Describe your issue in detail
I searched and found that the Janitor convert_to_date function might serve this purpose, but I can’t seem to make it work.
This is the typical linelist that I receive.
Timeline/urgency
(No sensitive or identifiable information)
What steps have you already taken to find an answer?
I tried doing the following: linelist_clean <- convert_to_date(linelist2$date_birth)
But I get the following error:
Error in convert_to_datetime_helper.character(x, …, character_fun = character_fun, :
Not all character strings converted to class Date. Values not converted were: “01-19-2000”, “10/16/2018”, “8-28-2021”, “01-29-1971”, “07-25-2018”, “02/28/2002”, “03/28/2008”, “04-28-2001”, “05/21/1993” … and 41 other values.
In addition: Warning message:
All formats failed to parse. No formats found.
I hope I attached a reproducible example the right way since this is my first time. Looking forward to your suggestions!
A tibble: 5 x 6
street age_years date_birth date_admit date_onset lab_res
Hi @iancgmd - Welcome to the forum!
Dates can be a very painful thing to deal with in R especially when they come in different messy formats, but luckily there’s quite a few packages that deal with this.
Janitor only really works if when all of the dates are the same excel date format (the number type e.g. your 4463 above).

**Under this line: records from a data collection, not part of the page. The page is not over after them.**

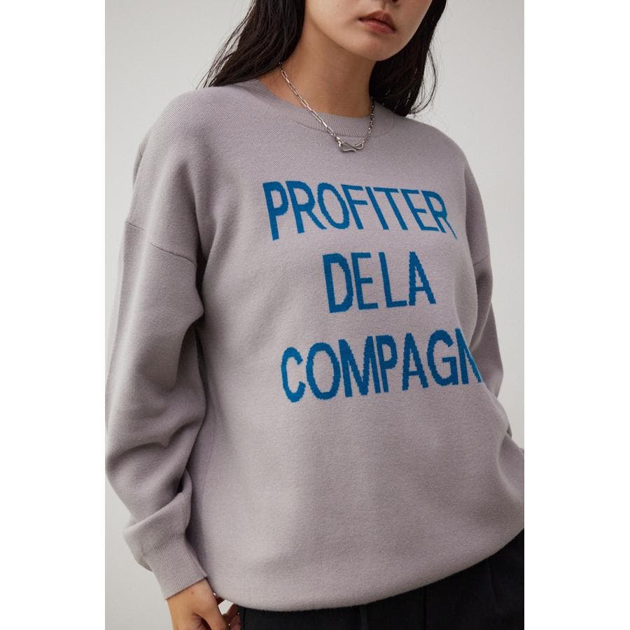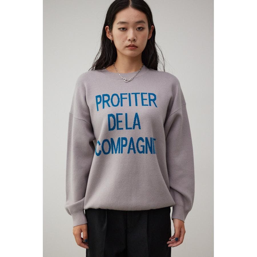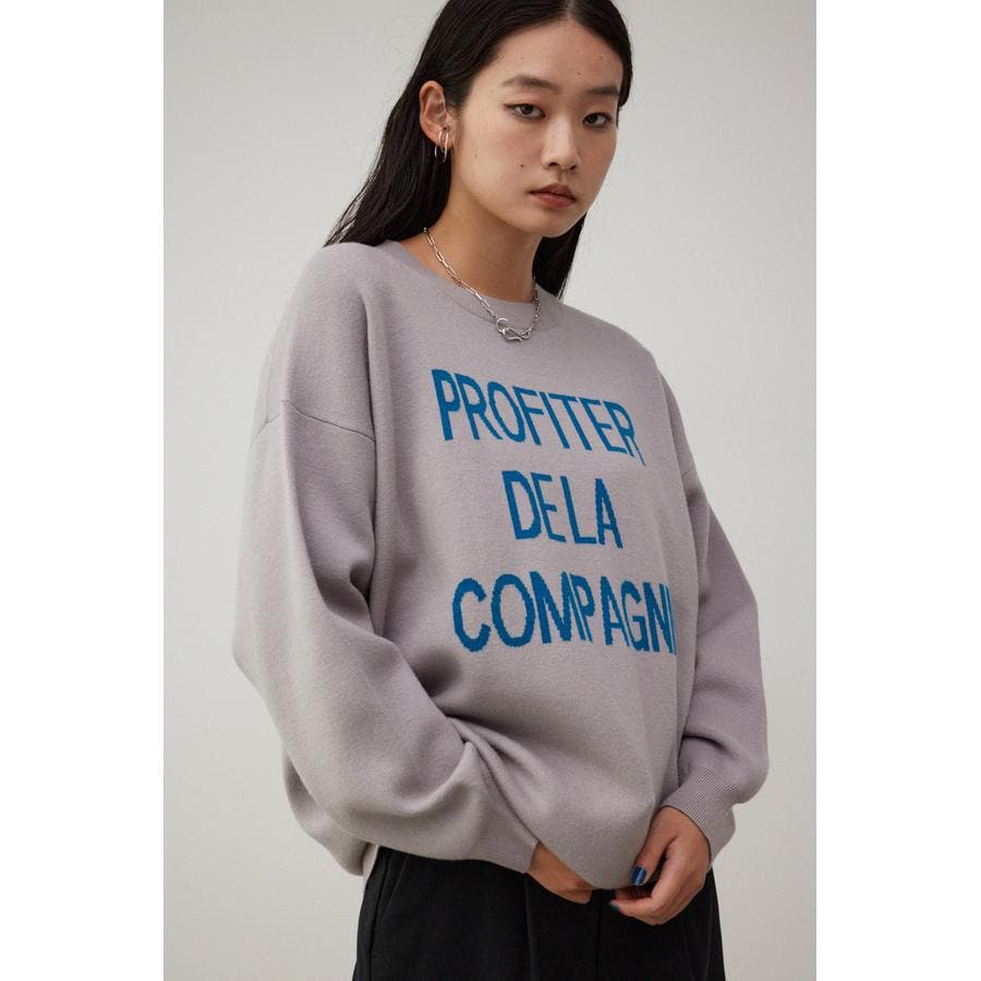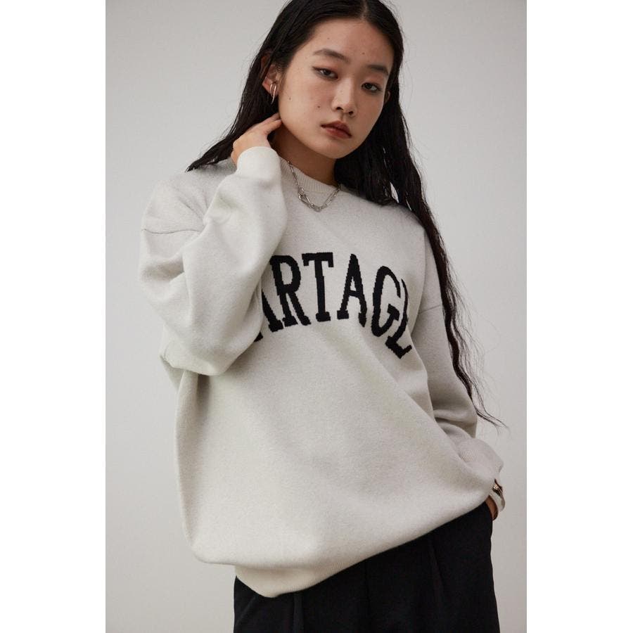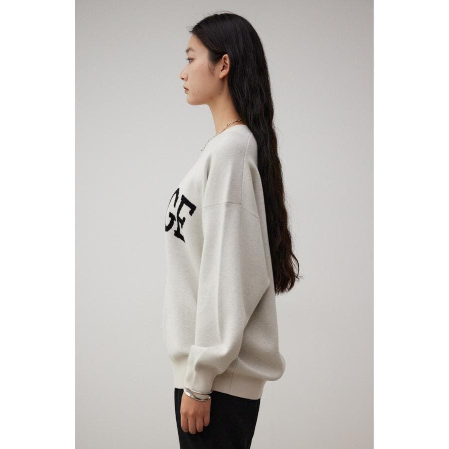 ・大人カジュアルに着られるロゴニットは、ジャガードで編み立てた印象的な1枚。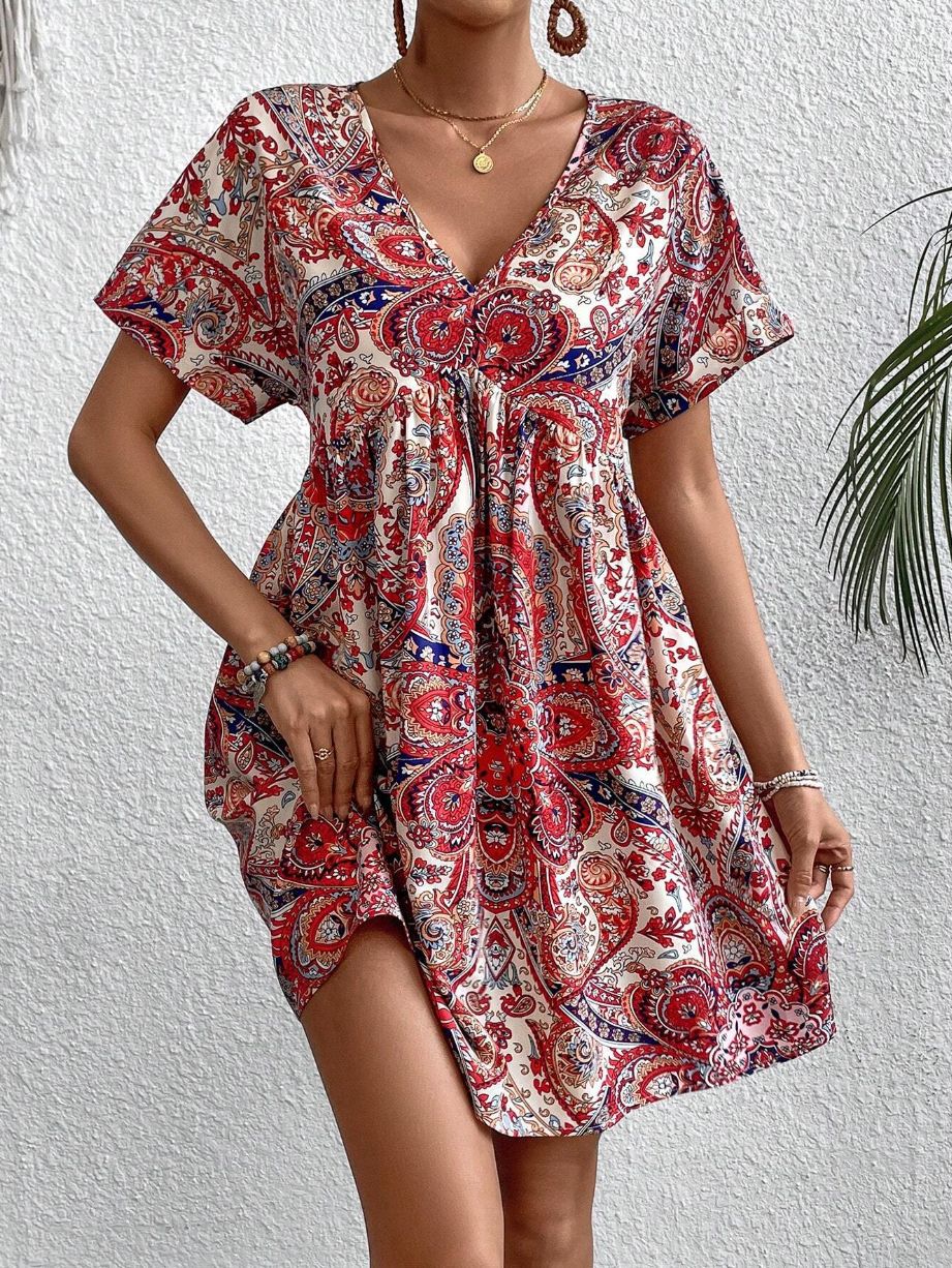Découvrez notre robe d'été élégante et aérienne, idéale pour des occasions estivales. Avec un décolleté en V tendance et de charmants détails volantés, cette robe allie confort et accents à la mode.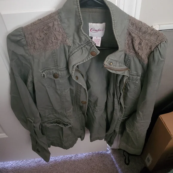 army green with lace on the shoulders utility jacket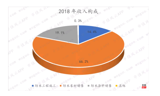 公司主要收入来自销售防水卷材,2018年防水卷材销售额20.44亿,占比66%;防水涂料收入5.88亿,占比19%。防水工程施工对营业收入的贡献逐年增强,占比从2014年的10%增加到2018年的14%。

This blog post gives a really nice overview of the various ways of dealing with messy dates.
I would suggest the parsedate package - it does a relatively good job of guessing and doesn’t need you to do any defining.

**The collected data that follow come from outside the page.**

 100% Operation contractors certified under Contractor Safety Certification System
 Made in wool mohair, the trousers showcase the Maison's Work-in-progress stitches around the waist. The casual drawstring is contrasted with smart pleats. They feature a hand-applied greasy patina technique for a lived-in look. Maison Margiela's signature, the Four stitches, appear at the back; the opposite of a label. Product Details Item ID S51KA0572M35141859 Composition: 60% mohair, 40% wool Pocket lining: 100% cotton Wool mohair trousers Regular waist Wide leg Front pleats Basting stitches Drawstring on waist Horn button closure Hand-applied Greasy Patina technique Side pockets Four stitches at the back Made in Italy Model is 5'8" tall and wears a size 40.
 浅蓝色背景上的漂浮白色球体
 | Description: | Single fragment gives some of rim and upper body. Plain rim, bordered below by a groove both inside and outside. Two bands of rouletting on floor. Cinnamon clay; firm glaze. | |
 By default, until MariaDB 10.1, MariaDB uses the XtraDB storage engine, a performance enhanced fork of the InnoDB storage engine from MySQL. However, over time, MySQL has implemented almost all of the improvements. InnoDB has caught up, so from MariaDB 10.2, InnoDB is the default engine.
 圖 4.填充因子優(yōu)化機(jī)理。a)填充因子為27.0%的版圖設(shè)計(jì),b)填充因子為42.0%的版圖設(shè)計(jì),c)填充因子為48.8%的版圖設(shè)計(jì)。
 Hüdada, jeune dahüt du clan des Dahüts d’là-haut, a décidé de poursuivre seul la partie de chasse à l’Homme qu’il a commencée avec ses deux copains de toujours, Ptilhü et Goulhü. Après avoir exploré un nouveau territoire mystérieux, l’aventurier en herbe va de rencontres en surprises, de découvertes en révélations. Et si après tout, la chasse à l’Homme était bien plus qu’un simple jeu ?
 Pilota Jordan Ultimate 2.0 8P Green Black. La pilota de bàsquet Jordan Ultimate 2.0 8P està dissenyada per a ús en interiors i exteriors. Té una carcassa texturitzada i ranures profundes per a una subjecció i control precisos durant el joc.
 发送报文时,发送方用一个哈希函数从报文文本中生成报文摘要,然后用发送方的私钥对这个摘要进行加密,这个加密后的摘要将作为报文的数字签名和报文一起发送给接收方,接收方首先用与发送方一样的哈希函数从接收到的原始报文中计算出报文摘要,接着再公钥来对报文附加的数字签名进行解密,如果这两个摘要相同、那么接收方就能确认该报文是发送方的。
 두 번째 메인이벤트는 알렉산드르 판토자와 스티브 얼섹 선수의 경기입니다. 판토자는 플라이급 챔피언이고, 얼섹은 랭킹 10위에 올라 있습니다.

Otherwise the lubridate package is quite good but needs you to define all the different formats that dates show up in (which is fine if you know this, but less great if people are adding new messy ways each week!).
Another thing to mention is that the Rio package for reading in Excel sheets does a pretty good job of finding date columns.
Thank you, @aspina ! Thank you for referring me to the parsedate package! I think it will do the job, however I’m not quite sure how to execute the package in the cleaning pipechain. I’m learning R by myself and I’m trying to apply the cleaning data and core functions chapter of the handbook to my dataset. Suppose I have done the following:
pipe the raw dataset through the function clean_names(), assign result as “linelist”
hi @iancgmd sorry for the delay, you could use the across() function within a mutate() to run parsedate over each variable. See below (let me know if this throws an error as I havent run the code)
# pipe the raw dataset through the function clean_names(), assign result as “linelist”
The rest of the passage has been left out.